Puis, sur le programme 209 « Solidarité à l'égard des pays en développement », M. Michel Charasse, rapporteur spécial, a formulé les observations suivantes :
- la justification au premier euro était complète ; les actions du programme avaient été reformatées et permettaient désormais d'identifier de manière beaucoup plus lisible les grands axes du programme ;
- un nouvel indicateur de la performance du FED avait été très opportunément intégré. Il pouvait néanmoins être amélioré et complété par un indicateur analogue sur le Fonds mondial de lutte contre le sida, la tuberculose et le paludisme ;
- l'aide multilatérale était prépondérante dans le programme avec 56 % des crédits de paiement, mais l'aide-projet n'apparaissait pas pour autant « sacrifiée », puisque les crédits de paiement s'inscrivaient en hausse de 9,4 %. L'AFD était désormais le principal opérateur de cette forme d'aide depuis l'achèvement des transferts à son profit de projets du Fonds de solidarité prioritaire ;
- le prélèvement sur le résultat de l'AFD pour compenser la pénurie budgétaire se pérennisait et s'amplifiait, puisqu'il devait atteindre 246 millions d'euros en 2008. A cet égard, M. Michel Charasse, rapporteur spécial, et M. Jean Arthuis, président, ont déclaré partager les interrogations du Comité interministériel d'audit des programmes (CIAP) sur la conformité de cette pratique aux principes budgétaires, dans la mesure où elle s'apparentait à une contraction de recettes et dépenses.
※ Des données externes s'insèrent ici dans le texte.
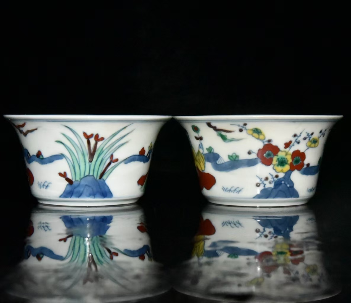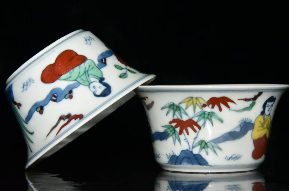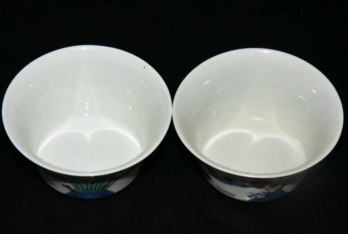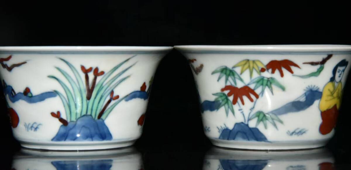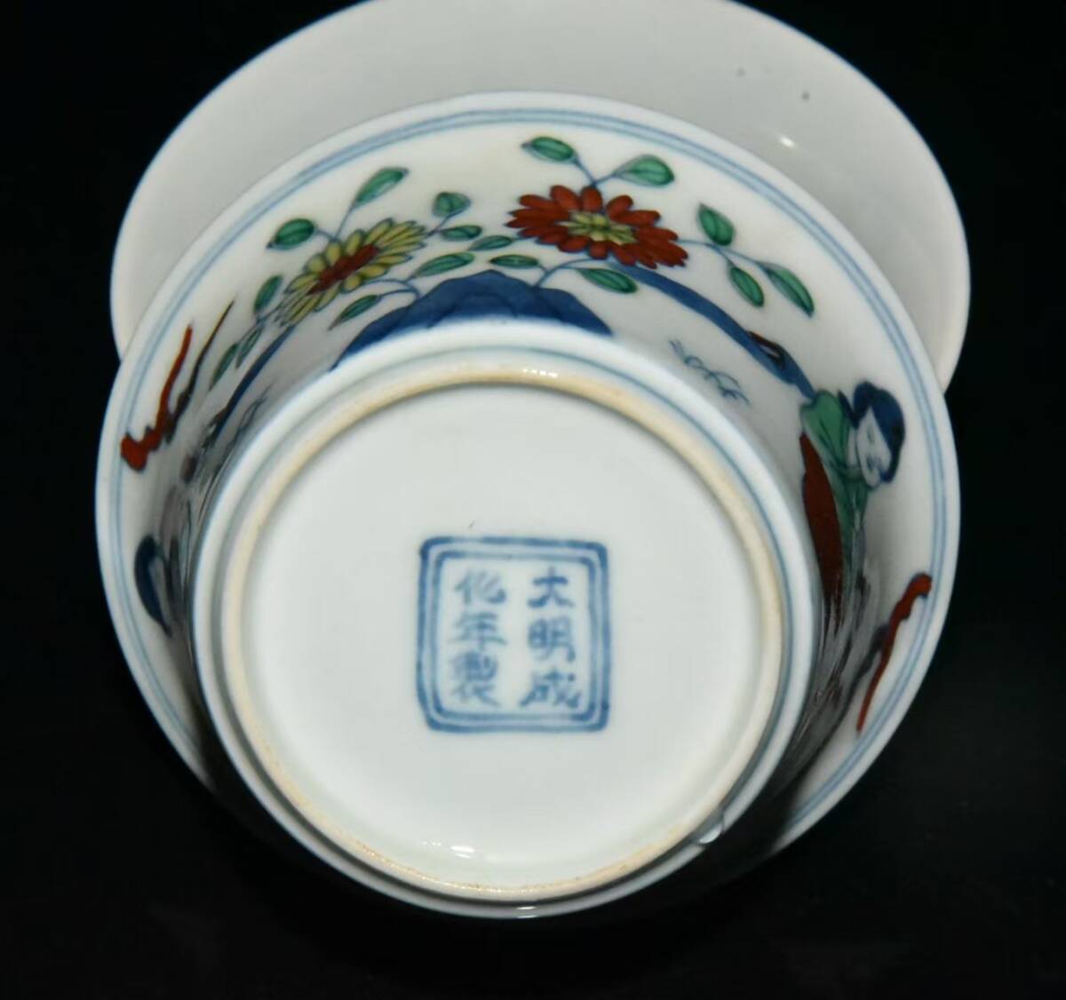 明時代 成化年制 官窯 闘彩 人物物語杯 茶盞 茶杯 杯子 茶道具 茶具 古陶磁器 唐物 古賞物 時代物 骨董品 旧家蔵出し 箱付 古美術品 古置物

Cette procédure contribuait également à la débudgétisation intégrale des contrats de désendettement-développement, dont les prévisions de décaissements, régulièrement supérieures à l'exécution, étaient fixées à 185 millions d'euros en 2008 ;
- enfin l'amélioration des décaissements du FED restait largement liée au recours à l'aide budgétaire et à des fonds multilatéraux. M. Michel Charasse, rapporteur spécial, a estimé qu'elle pourrait donner lieu - si aucun accord politique n'intervenait - à une importante sous-budgétisation de la contribution française en 2008, qu'il évaluait, au minimum, à 60 millions d'euros. Il a ajouté qu'un effort de sincérité budgétaire avait, en revanche, été accompli sur les dotations au Fonds français pour l'environnement mondial et à l'aide budgétaire post-conflit et de sortie de crise.
Il a également considéré que la création du nouveau programme 301 « Codéveloppement » était conforme à ses voeux et opportune, car elle traduisait, malgré le volume modique de ses crédits, une priorité du gouvernement. Il a formulé quelques remarques sur les indicateurs de performance, et recommandé plus particulièrement la création d'un nouvel indicateur, complémentaire de l'évaluation de la dépense fiscale et dédié aux résultats du compte et du livret d'épargne pour le codéveloppement.